The implementation of the http protocol
Here, we mainly discuss the most widely used HTTP/1.1 protocol
About data shard
HTTP protocol itself is a pure text protocol, among themContent-Length
The head field is used to specify the content length of the response (Body).Content-Length
It is a pure text format that theoretically there is no length limit. Therefore, in most cases, the HTTP protocol can transmit the entire file at one time.
For larger files, it is usually possible to download the entire file through one request, which is also a common practice for many websites and services. However, if the file is particularly large, or in order to improve the download efficiency (such as supporting breakpoints, parallel downloads, etc.), it is necessary to process the files of the file on the application layer. For example, the server can return the segmentation information of the file first, and then the client requests different parts of the file one by one.
About zero copy
The client library of the HTTP protocol usually does not expose the socket connection of the underlying layer, which makes the upper application cannot directly operate the Socket for zero copy transmission.
In most cases, the data needs to be copied to the memory of the process first, and then transmitted to the HTTP client.

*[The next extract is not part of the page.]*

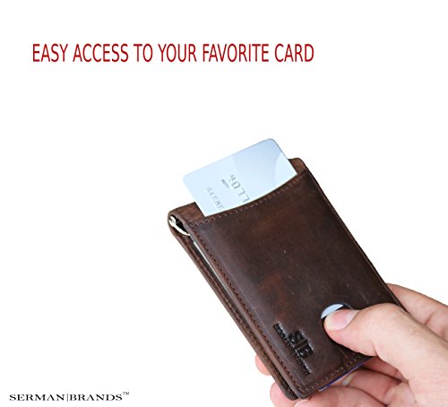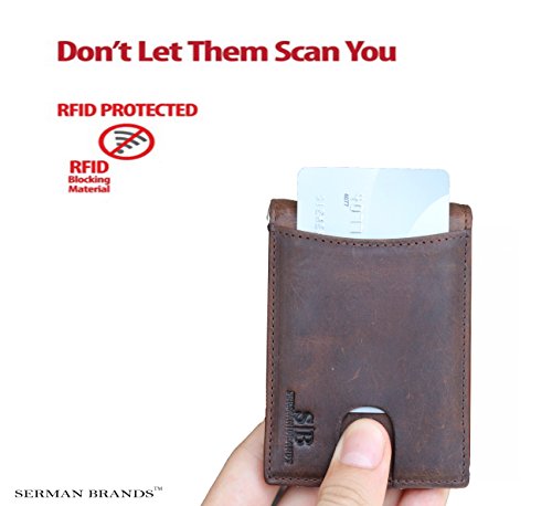 Binding : Apparel Product Description SERMAN BRANDS Genuine Leather Wallets RFID Blocking - Theft Proof Wallet- Protect Your Identity The Secret to Keeping Your Data Safe! Identity Theft is at All Time High! Unless properly shielded, your card-based data is readily available when any active reader is in range! The Best Way to Protect Your Smart Cards from unwanted capture of data from contact less cards issued by banks, governments and other institutions such as: ? Credit or Debit (for example: MC PayPass, VISA PayWave, AMEX expresspay, INTERAC Flash, etc.) ? Enhanced driver's license, Hunting and fishing license ? Access / security control, Employee / School ID ? Health insurance, Medical ID ? Gift, Membership, Library ? Transit / Park pass Protects against access by NFC-equipped Smartphones Some recent smartphones are equipped with NFC technology which can also read the data on your Cards easily SERMAN BRANDS is a team of free thinkers with varied disciplines from design, engineering, marketing and finance. Together, they share their diverse strengths and united passion of creation to bring to you NEW life-easing everyday must haves. "We love all things beautiful, functional and well crafted. Today there's a growing community of people who appreciate and hunt for this union of solid functionality, minimalist style combined with great craftsmanship made from honest materials. We believe that these are the core value of our creations and customers. 0 |

Due to the limitation of the HTTP client library, zero copy technology is not directly applicable in the application of the HTTP protocol.
Custom protocol
About data shard
In the custom protocol, we can control the transmission process more flexibly. For example, we only use 3 bytes to represent the length of the message body, so the maximum transmission content of the protocol is 16MB (2^24-1 bytes).
For the content beyond this limit, we must perform a block processing to ensure that each data block meets the length limit of the protocol.
About zero copy
The custom protocol can be referenced to the socket, so zero copy can be used to avoid multiple copies of data between memory and disk, thereby improving the transmission efficiency and reducing the CPU load.
Preliminary design
How to build a packet?
The message is a complete protobuf basesponse message
- msgid: request ID
- Headers: File name+file size+number of blocks+block numbers
- bytes: file segmentation data
message BaseResponse { required int32 msgId = 1; repeated Header headers = 2; optional bytes data = 3; }
Send two parts in the message body division
1. Send the meta -data data (Baseresponse's MSGID+Headers)

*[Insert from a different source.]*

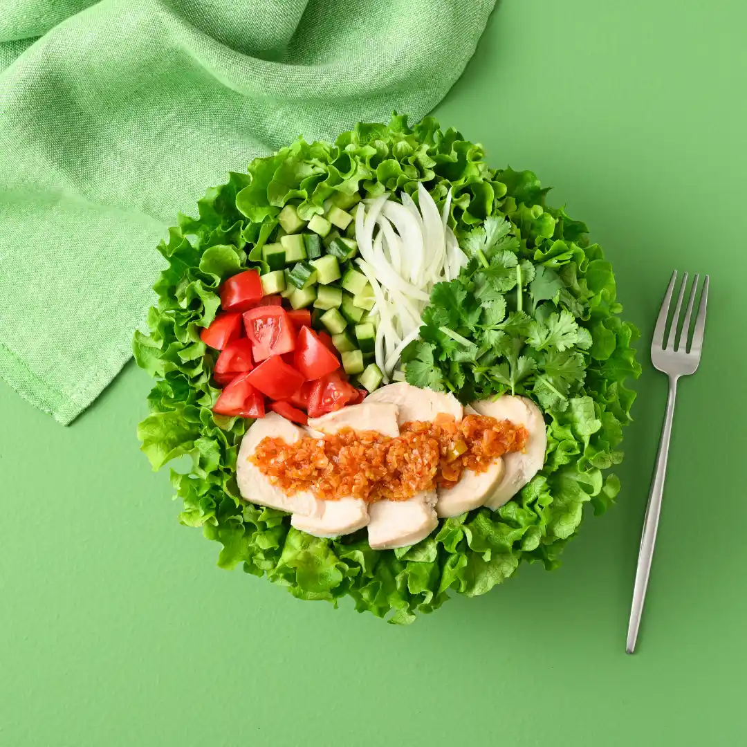食べるためのサラダ。特製ねぎたれのかかったよだれ鶏と |
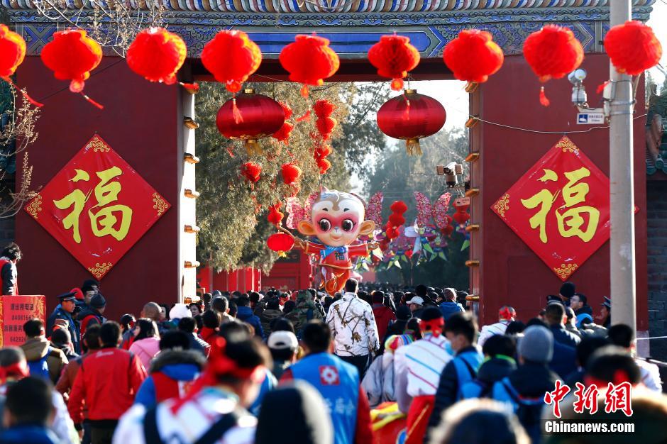 2月8日,猴年春节初一,北京地坛春节庙会拉开帷幕。地坛庙会始办于1985年,春节逛地坛庙会已成为北京民众沿袭多年的习俗。中新社记者 富田 摄

2. After sending file data
Service side:
1. Send the file range to get chunksize
2. Build Baseresponse (only contains MSGID and Headers)
3. Calculate the size of the message length = Baseresponse+chunksize
4. Send the news header
5. Effects Baseresponse
6. Zero copy send file chunk
Client:
1. Analyze the message as a complete Baseresponse.
conflict? Propobuf and zero copy
During the processing process, we will encounter a problem:ProtoBufThe analysis process requires a specific encoding format, and the contents of the file stitching cannot be used directly asProtoBuf
Part of the message.
If Protobuf is needed to identify the content of this file, the file data must be involved in the encoding, and the encoding must be loaded into the process memory. This is contrary to zero copy.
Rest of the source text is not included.